Umumnya vaksin tetanus toksoid
ditawarkan pada pasangan calon pengantin yang akan menikah, namun banyak
pasangan yang menolak karena adanya faktor kekurangan pengetahuan terhadap
vaksin tetanus toksoid (TT) (Hartono, 2005).
Pada saat pemeriksaan kehamilan ini
pula, ibu hamil diberikan suntikan tetanus toksoid (TT). Pemberian vaksin
(toksoid) melalui suntikan, diperlukan untuk melindungi ibu hamil saat bersama
bayinya terhadap tetanus neonatorum.
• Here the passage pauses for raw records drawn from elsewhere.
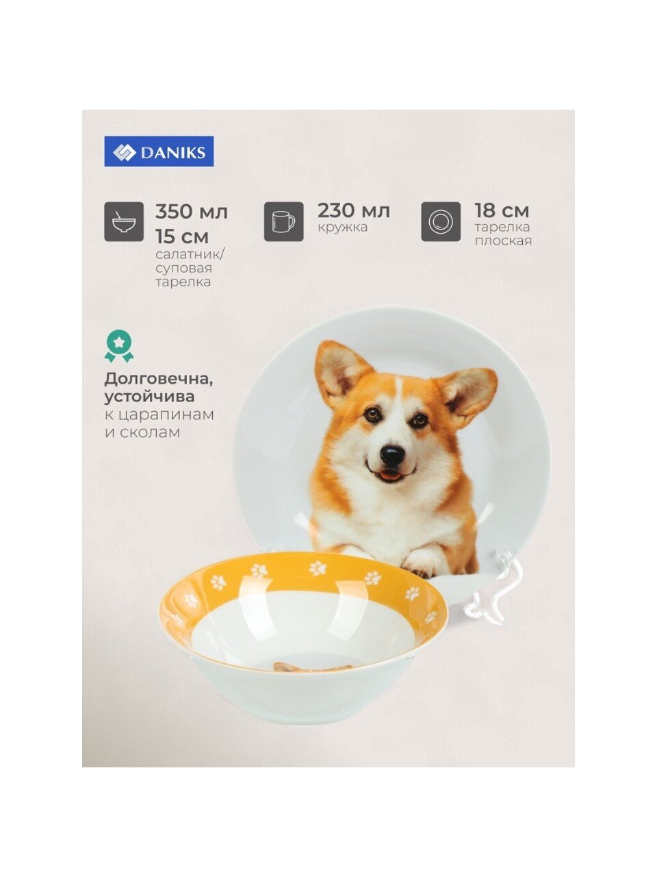 Вы можете приобрести «Набор посуды керамика, 3 шт, Корги, тарелка 17.5 см, салатник 15 см, кружка 230 мл, Daniks, C1008» и другие товары в нашем интернет-магазине в Серпухове по низким ценам и с бесплатным самовывозом.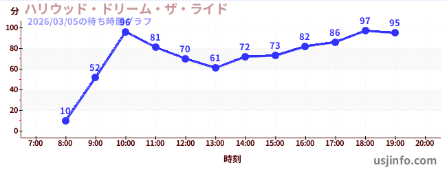 • ハリウッド・ドリーム・ザ・ライド$B$N(B2026年03月05日の待ち時間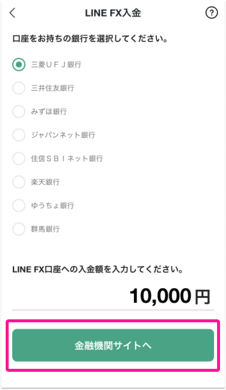 3)金融機関を選択>金額を入力>「金融機関サイトへ」をタップ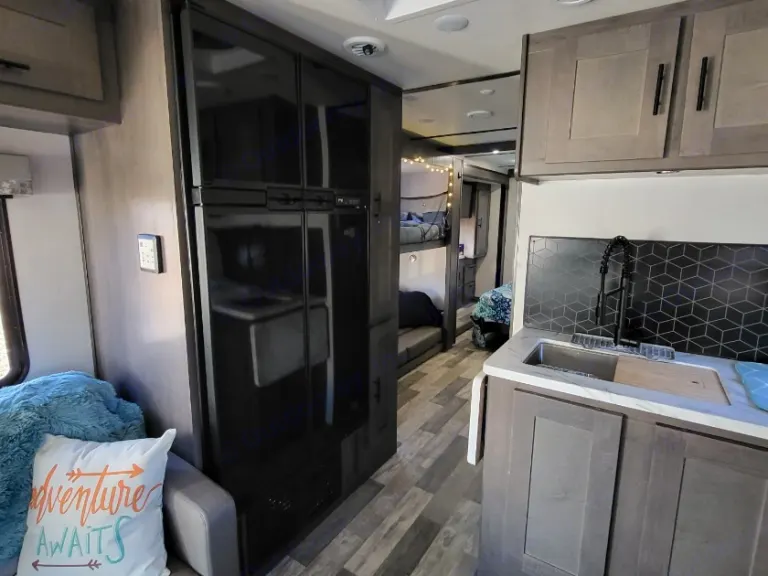 34 foot, easy to drive coach that sleeps 8 (combination of children and adults). Requires no special license or training to drive. Great storage inside and under coach. King size bed, bunk house, over the driver's cabin loft, couch and table beds as well. Coach includes everything you need to spend your days making memories and having adventures. Perfect for a trip with family and friends, a short getaway, a cross country adventure, tailgating or overflow for a large gathering at a home. Only dogs welcome with a $50 pet deposit and prior approval. No pit bulls due to insurance reasons. The coach is fully equipped with a full-size refrigerator and freezer, microwave, coffee pot, toaster, 3 burner stove, outdoor shower, tv and radio, 3 inside televisions with Roku sticks, and first aid kit. Bedding is furnished if requested, all other linens provided. Kitchen is stocked with plates, bowls, flatware, glasses and basic pots/pans. Bathroom is stocked with RV safe toilet paper, hand soap and RV cleaning supplies. Safety features include a road side safety kit, back up and side mirror cameras, as well as a tire pressure monitoring system. GPS system also included. Rental manual included for easy reference. Once you book with us we will gladly send you a list of what is included and recommendations of what you might want to bring. Coach is deep cleaned after each trip. All linens and bedding are washed on highest heat setting and all kitchen items are cleaned and stored until next rental. If coach is not returned in satisfactory condition, a $200 cleaning fee will be assessed. Renter must dump sewage tanks prior to returning and return with a full tank of gas as it will be full upon pickup. Unlimited mileage and generator use. We hope we have given you a glimpse of the fun and adventures that await you in our home away from home. We hope to be able to serve you.What's includedFresh linens, some firewood, 2 camping chairs, reusable picnic table cloth, plates, bowls, silverware, glasses, pots/pans, cooking utensils, coffee pot, toaster, trash bags, trash cans, phone chargers for iphones and androids, GPS tracker, flash lights, RV safe toilet paper and cleaning supplies. Delivery available within 120 miles for additional charge.Other things to noteNo cats (owner is allergic), No burning man or coachella. No border crossing unless prior approval given. No renting to extreme winter areas due to safety reasons.

Sosialisasi imunisasi TT perlu dilakukan
mengingat masih ada sebagian masyarakat yang beranggapan bahwa perempuan yang
akan menikah mendapat imunisasi tetanus toksoid, maka setelah menikah dia akan
terlambat hamil. Sehingga ibu hamil menjadi tidak subur lagi setelah
melahirkan. Setiap ibu hamil harus mengetahui, memahami manfaat dan jarak waktu
pemberian TT (Achsin, 2003).
Dari sejumlah kasus, tetanus pada
bayi baru lahir memiliki angka yang sangat signifikan (10%). Pada umumnya kasus
itu, penggunaan gunting yang kotor (15%) dan berkarat oleh para bidan (10%)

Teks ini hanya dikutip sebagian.